Matthias Schabel said: (by the date of Wed, 30 Nov 2011 07:51:19 -0800)

> > first thing will be to figure out how to declare a type meter^-0.5
> > maybe my previous try that didn't work with boost 1.42 will start to work with 1.48:
> >
> > typedef derived_dimension<length_base_dimension,root<2> >::type quantum_wavefunction_1D;
> I tried to send a working version of your code yesterday, but the message was bounced because the attachments were too big; I will resend when I get to the office. For now, your problem here is twofold:
> 1) derived_dimension is a convenience typedef for integer powers; you need to use make_dimension_list<>
> 2) once you have defined the dimension, you also need to typedef a unit in the SI system corresponding to your desired length^(-1/2) dimension:
> typedef unit<quantum_wavefunction_1D,si::system> quantum_wavefunction_1D_unit

great! Thanks for hint and your effort to make it work. I'm not sure
yet how to use make_dimension_list<> so perhaps better if I wait for
your code, than spend time to figure it out :)

Fact that it is one-dimensional wavefunction is important. Because in 3 dimensional
space quantum wavefunction has dimension of
(length)^(1.5) == square root of volume.

The reasoning is following.
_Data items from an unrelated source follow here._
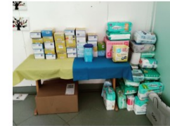
Die Spenden in beiden Schulhäusern

für Ihre Mithilfe und Ihr Engagement aufgrund unserer Hilfsaktion möchte ich von ganzem Herzen meinen Dank aussprechen. Die Sachspenden konnte ich nach Augsburg fahren und dem Malteser Hilfsdienst überbringen.
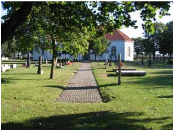
Grusgång från kyrkans södra ingång. Till höger i bilden syns de två gravtumborna och två runstenarna i kvarter A. (KI Sandby kyrkog 012)

Se vidare i de enskilda kvartersbeskrivningarna.
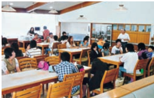
閉会式後、希望者は心塾東京学生寮を見学(21年度の「つどい」から)

「お母さんの講演で、本当は言いたかったかもしれないところまで勇気を持って教えてくださり感謝します」などの保護者の感想が寄せられている。
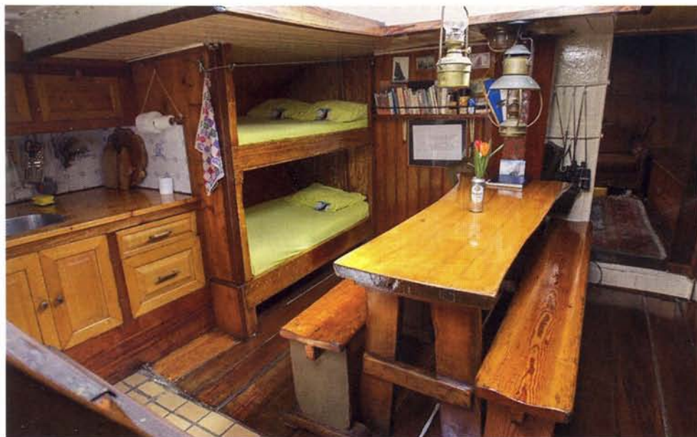
links: Het robuuste interieur van de MD3 waarover Henk ruzie maakte, want hij wilde het niet kwijt
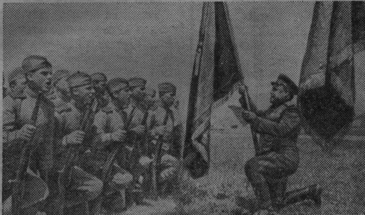
НА СНИМКЕ: воины у боевого знамени дают клятву биться с врагом до полной победы.

ством Коммунистической партии советские люди сумели мобилизовать свои силы для отпора захватчикам, проявили чудеса героизма, мужества, отваги в борьбе с врагом. Уже в декабре 1941 года Советская Армия
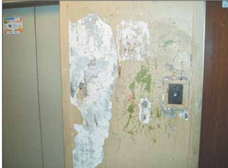
Ободранные стены — привычная картина в общежитии на Ясном проезде, 19

В редакцию пришло письмо: «Мы, жители общежития, выиграли суд, но нас не прописывают. Помогите!»
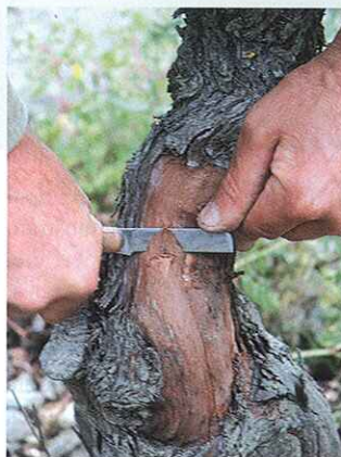
4.- Operaciones para el injerto “TBud”.
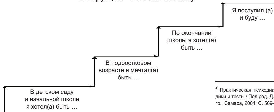
Рис.1. Опросник «Лесенка профессиональных планов»
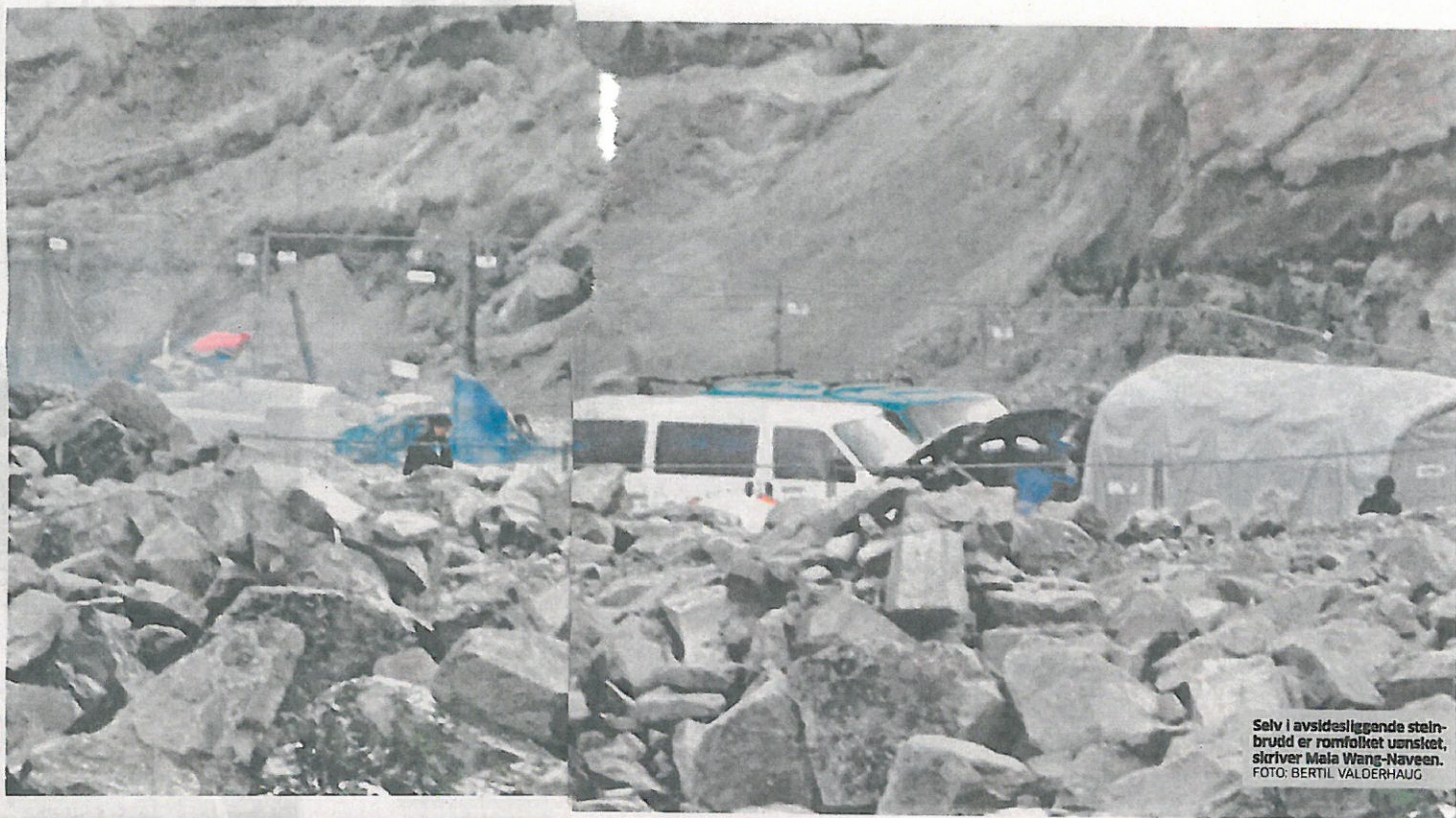
Selv i avsidessliggende steinbrudd er romfolket uansket, skriver Mala Wang-Naveen.

Romfolket. Kanskje det er på tide å slutte å undre seg over hvorfor rumenerne ikke lærer av oss. Men heller stille spørsmål ved om vi kan lære noe av dem.

Let's say that psi(r) is a wavefunction
(where 'r' are space coordinates). Then it's squared magnitude is
probability. And total probability in whole infinite space
must be 1.0 dimensionless, so:

integral abs(psi(r))^2 dr = 1.0 dimensionless

this is why quantum wavefunction depending on number of dimensions
is 1D: (length)^(-0.5) ; 2D: (length)^(-1.0) ; 3D: (length)^(-1.5)

It would be great if you added this to the directory
`physical_dimensions`. Also for 2D and 3D.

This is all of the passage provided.